_Given entries_
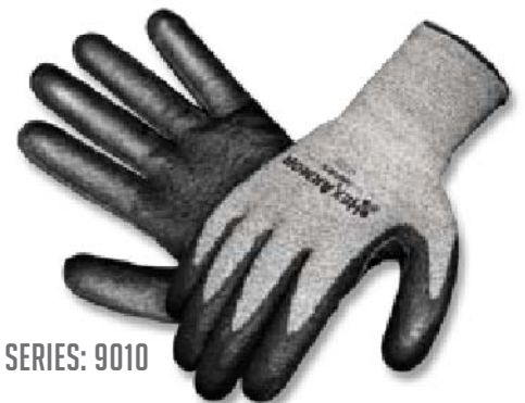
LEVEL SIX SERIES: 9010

* * *

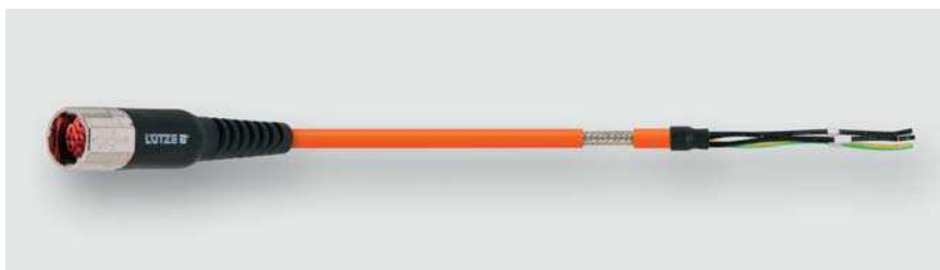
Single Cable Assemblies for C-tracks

...

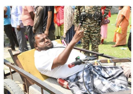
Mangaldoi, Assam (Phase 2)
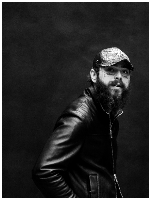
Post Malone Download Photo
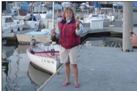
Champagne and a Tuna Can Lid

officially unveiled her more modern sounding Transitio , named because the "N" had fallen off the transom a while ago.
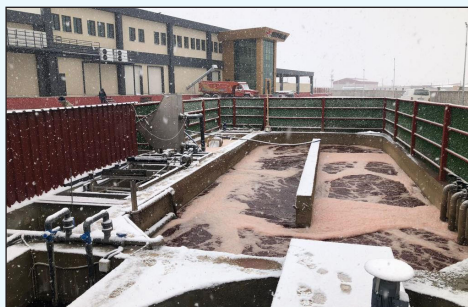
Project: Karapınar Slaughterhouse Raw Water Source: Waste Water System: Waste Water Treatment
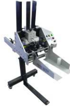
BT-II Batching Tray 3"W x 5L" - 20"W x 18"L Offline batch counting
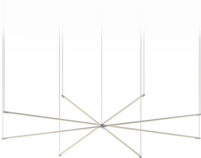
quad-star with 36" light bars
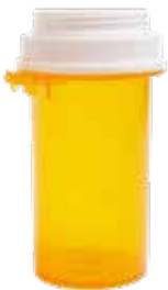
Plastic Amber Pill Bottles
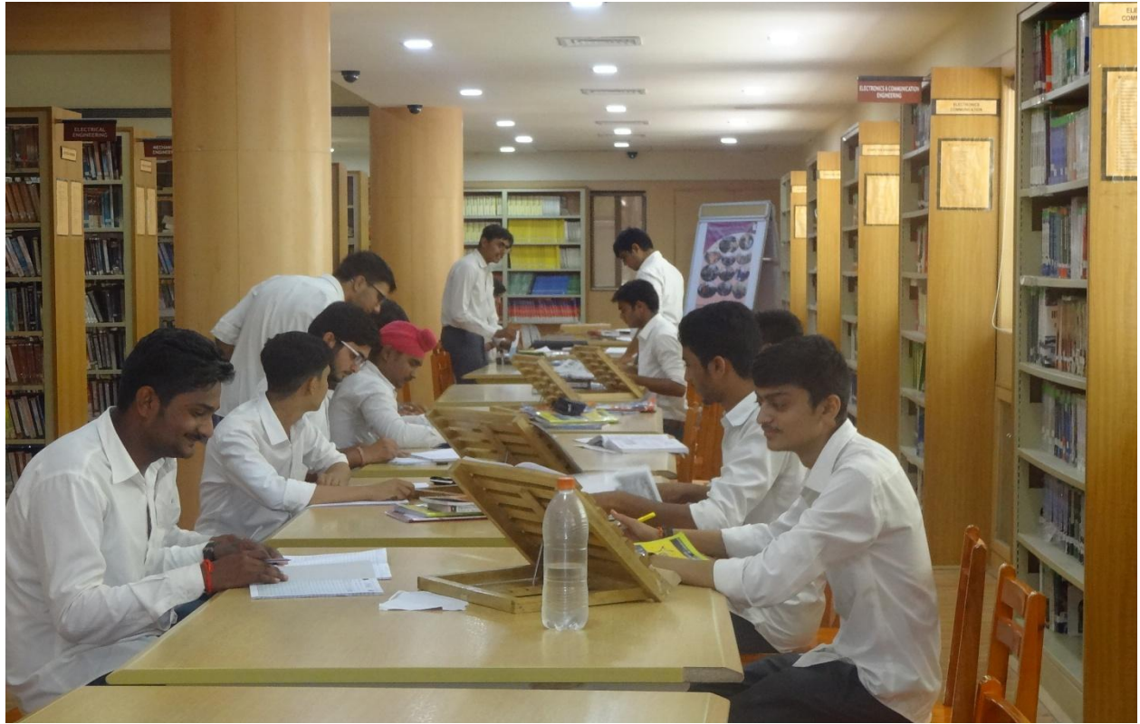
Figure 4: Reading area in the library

_What you need to do_
The answer must be the part of the records that opens with the line containing "Project: Karapınar Slaughterhouse" and closes with the line containing "Figure 4: Reading area in the library", reproduced exactly, with no pictures.

_The answer_
Project: Karapınar Slaughterhouse Raw Water Source: Waste Water System: Waste Water Treatment
BT-II Batching Tray 3"W x 5L" - 20"W x 18"L Offline batch counting
quad-star with 36" light bars
Plastic Amber Pill Bottles
Figure 4: Reading area in the library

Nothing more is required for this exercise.